Finally, and most importantly, it is well known that the chief foreman of Deir el-Medina, a certain Neferhotep, was killed in the reign of king Amenmesse on the orders of a certain 'Msy' who was either Amenmesse himself or one of this king's agents, according to Papyrus Salt 124. However, Neferhotep is attested in office in the work register list of Ostraca MMA 14.6.217, which also recorded Seti II's accession to the throne and was later reused to register workers' absences under this king's reign.
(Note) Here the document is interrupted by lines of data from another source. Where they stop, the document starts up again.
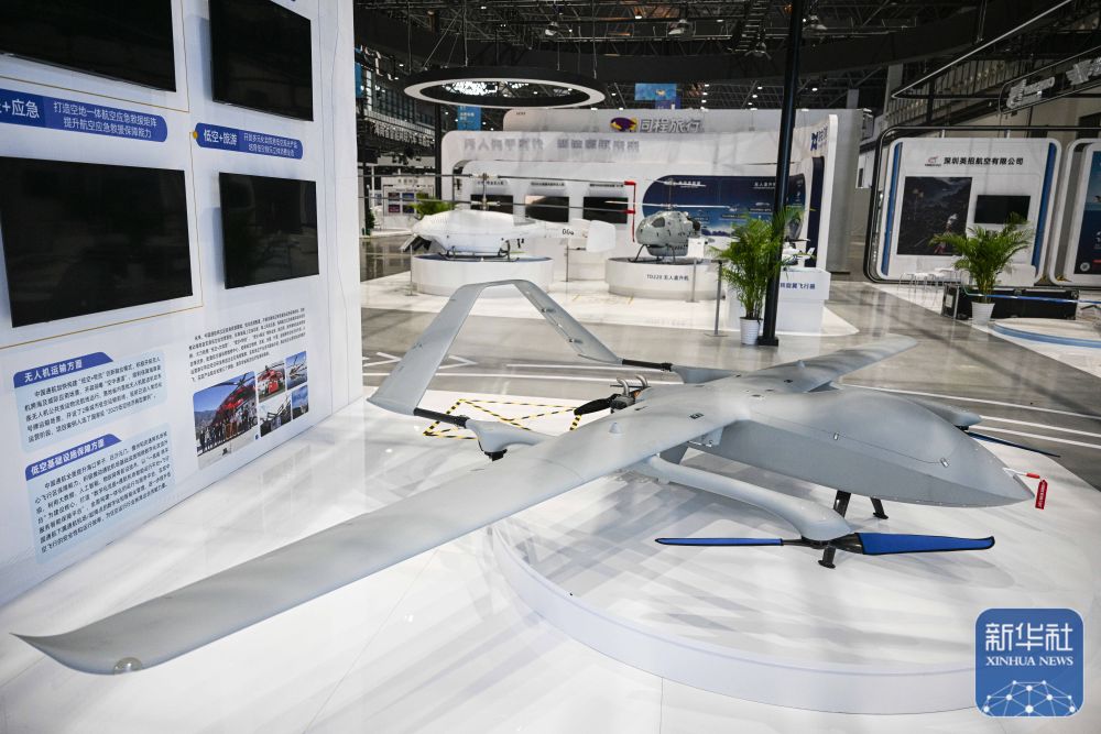 ↑ 4月10日在第五届消博会主会场拍摄的无人机。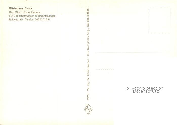 73651277 Bischofswiesen Gaestehaus Elvira postalisch nicht gelaufen Erhaltung siehe scans [WerneD78] KatCode: 11110009172117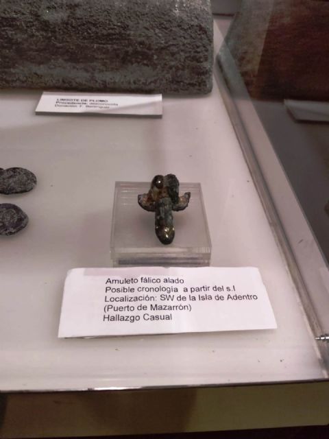 Pero también están produciéndose hallazgos pertenecientes a otras civilizaciones como la romana. En concreto, en uno de los bautismos de buceo realizados por el Centro de buceo del Sureste 'Bachisub', ha aparecido un amuleto romano en forma de falo alado que dataría del siglo I d.C. que ha sido entregado al Ayuntamiento por el director del citado centro, Alfonso Bachiller.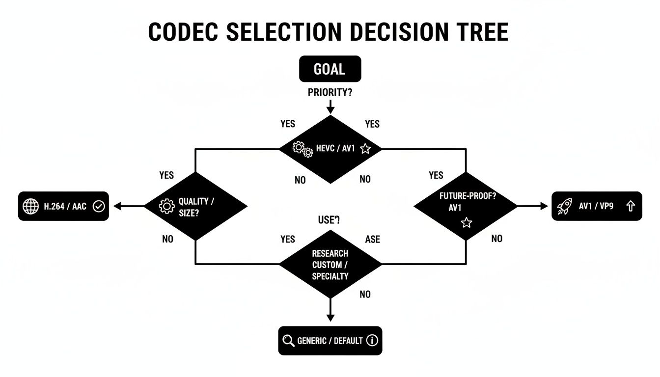 As the decision tree shows, whether your priority is maximum compatibility, the best quality-to-size ratio, or future-proofing your archive, your codec choice will point you in the right direction from the start.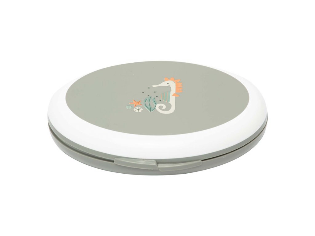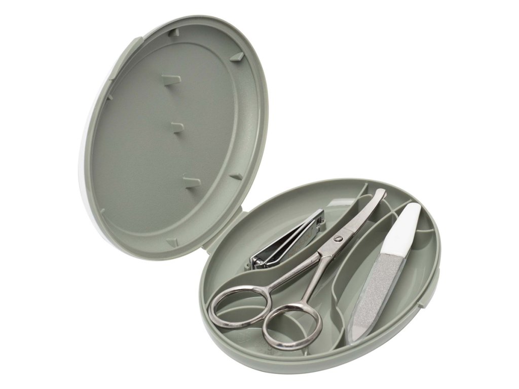 Obsahuje nožnice so zaguľatenými koncami, pilníček na nechty a tiež klieštiky na nechty. Všetko je vyrobené z nehrdzavejúcej ušľachtilej ocele. Krabička s výrazným motívom na viečku chráni pred prachom a pomáha udržiavať manikúru v čistote. Ale aj napriek tomu pred každým použitím jednotlivé nástroje starostlivo očistite a u novorodencov aj dezinfikujte roztokom liehu.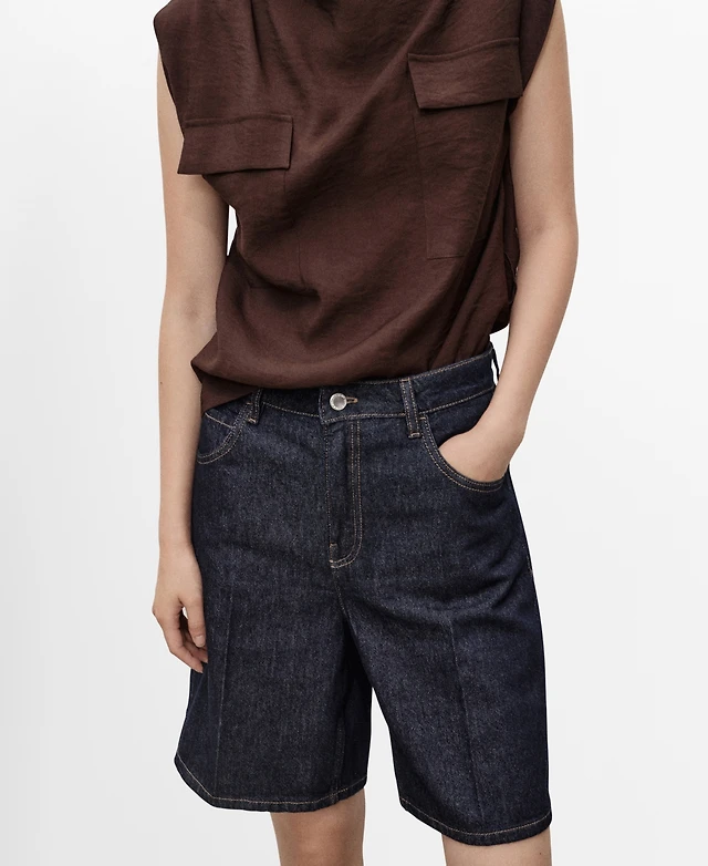 Mango Women's High-Waisted Denim Bermuda Shorts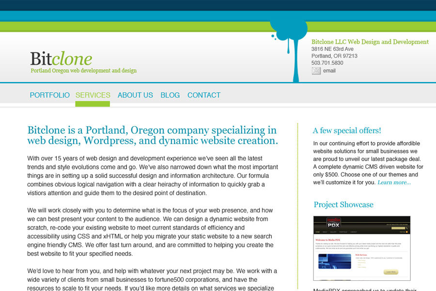We are a small design development agency based in Portland, Oregon specializing in Wordpress customization, and logical xHTML/css flavored website solutions. Please visit us for more detailed info, we'd love to work with you.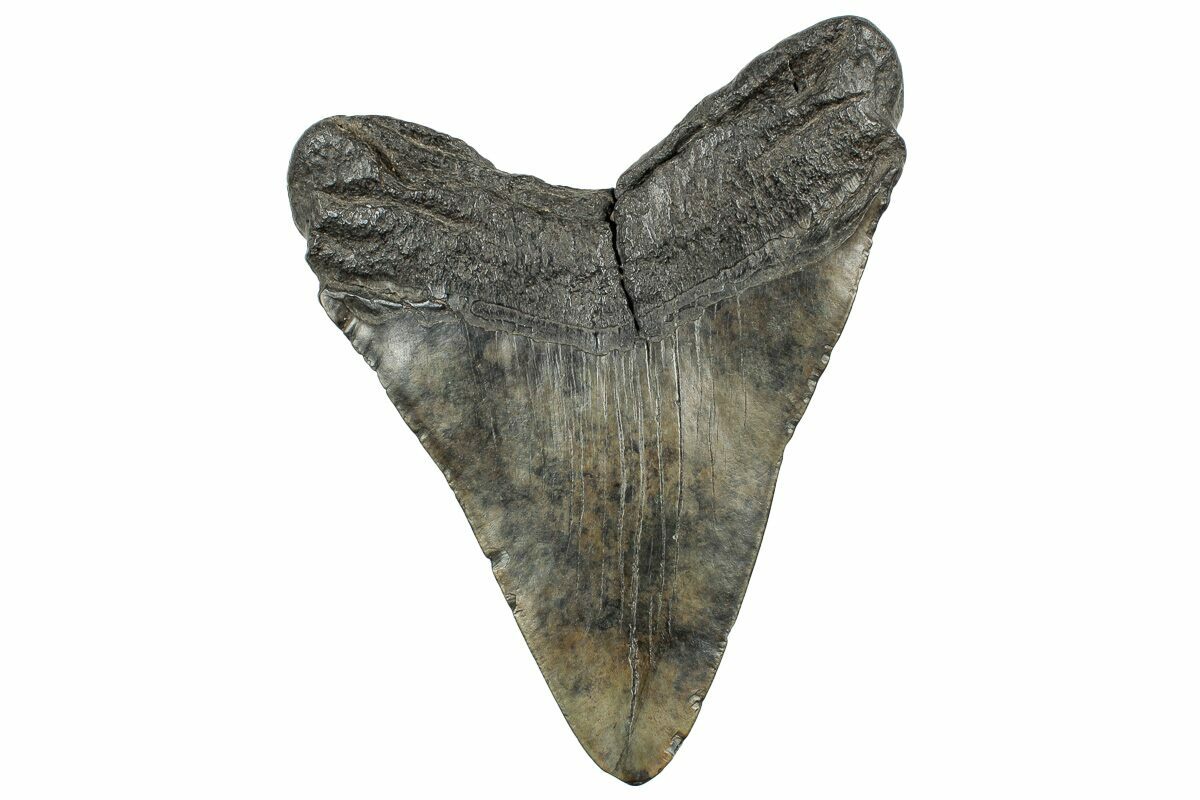 The standard measure for megalodon teeth is slant height, or the longest edge of the tooth. Adult megalodon teeth were typically in the 4 to 5 inch range: teeth over 6 inches are rare and represent super-sized individuals. Only a handful of teeth have ever been found over seven inches.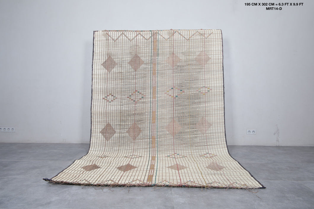 - 192x300 cm rug - 6.3x9.9 rug - 6’3”x9’9” rug - African rug - Authentic Tuareg rug - bedroom rug - beige rug - black accent rug - boho chic rug - brown rug - Camel leather rug - camel leather trim - collector’s rug - desert-inspired rug - Dining room rug - durable rug - eco-friendly rug - Entryway rug - expressive pattern rug - flat laid rug - flatweave rug - Floor mat - geometric pattern rug - Geometric Tuareg rug - Hallway r - hallway rug - heirloom rug - indoor outdoor rug - Interior decor - living room rug - low-pile rug - Mauritanian mat - Mauritanian rug - minimalist rug - modern rustic rug - museum quality rug - natural fiber rug - Natural reed rug - neutral décor rug - Nomadic decor - Nomadic rug - Palm fiber rug - portable rug - premium rug - quality craftsmanship rug - Reed mat - Reed rug - Rug wall art - Sahara decor - Saharan rug - statement floor covering - statement rug - sustainable rug - traditional weave rug - travel-friendly rug - Tribal design rug - tribal rug - Tuareg reed rug - Tuareg rug - Unique rug - Vintage reed rug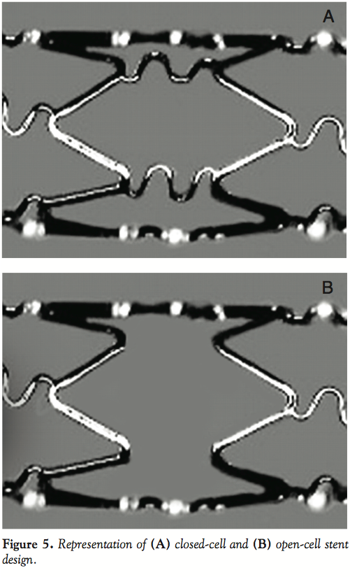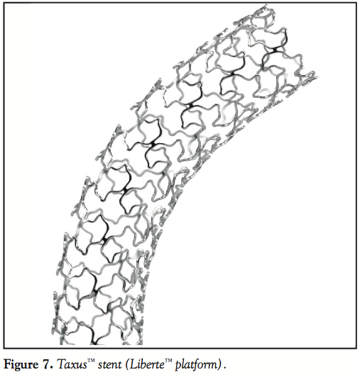 Early stents, such as the Cook Gianturco-Roubin™ and the Medtronic Wiktor™, were very flexible, but lack of longitudinal struts lead to poor radial strength.12 This led to development of today’s tubular stents, with longitudinal struts adjoined in different lengths and geometric patterns, adding significant radial strength while sacrificing flexibility. A related element is “open” versus “closed-cell” design, with the latter having longitudinal connections along the entirety of the stent, and the former employing areas without longitudinal struts. Open-cell stents tend to be more flexible and deliverable, and significantly change cell conformation with expansion.13 Closed-cell designs boast higher radial strength, maximum drug delivery, and better intimal coverage. Stents currently available have different ratios of each (Figures 5A and 5B). Contemporary drug-eluting stents include Taxus (which uses the Express and Liberte stent platforms), Cypher (Bx Velocity stent platform), Xience V™ (Vision™ stent platform; Abbott Vascular), and Endeavor™ (Driver™ stent platform; Medtronic, Minneapolis, Minnesota).14 Of these designs, the Bx Velocity platform has the most complete closed-cell design (Figure 6), compared with the Liberte platform (Figure 7).4,5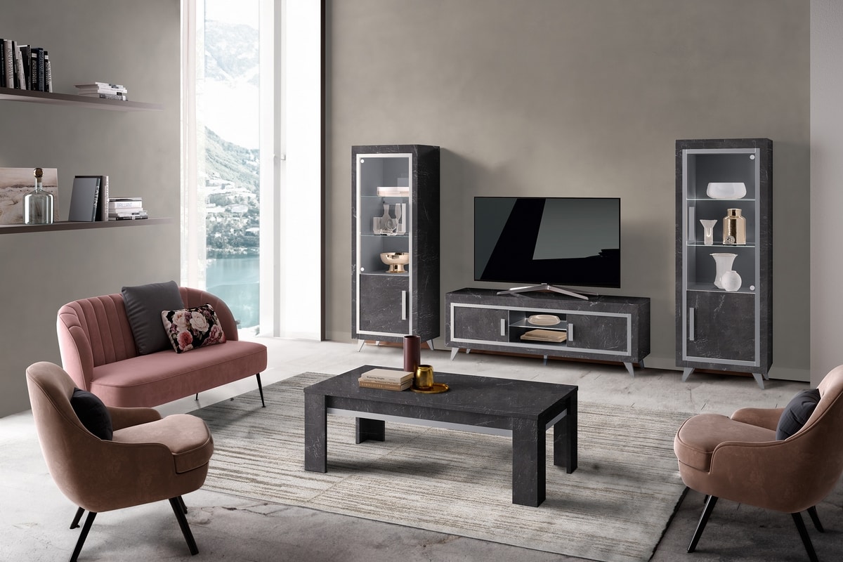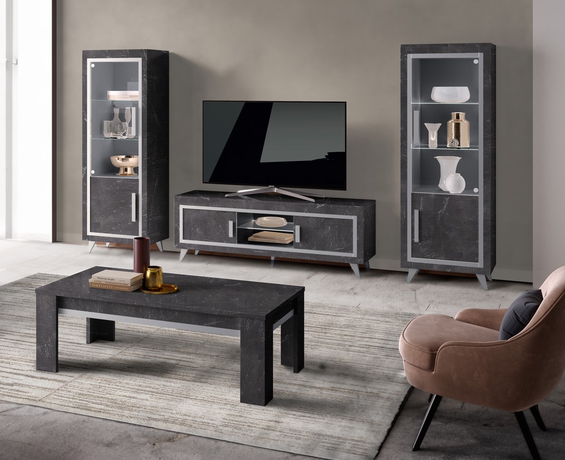 Niedriger TV-Schrank. Aus Holz mit glänzender Marmoroptik und silbernem Siebdruck. Mit offenem Fach. Glas Regal. Ausgestattet mit LED-Beleuchtung.

If Seti II's 6-year reign followed that of the usurper Amenmesse, then this chief foreman would not have been mentioned in a document which dated to the start of Seti II's reign since Neferhotep was already dead. This indicates that the reigns of Amenmesse and Seti II must have partly overlapped with one another and suggests that both rulers were rivals who were fighting each another for the throne of Egypt.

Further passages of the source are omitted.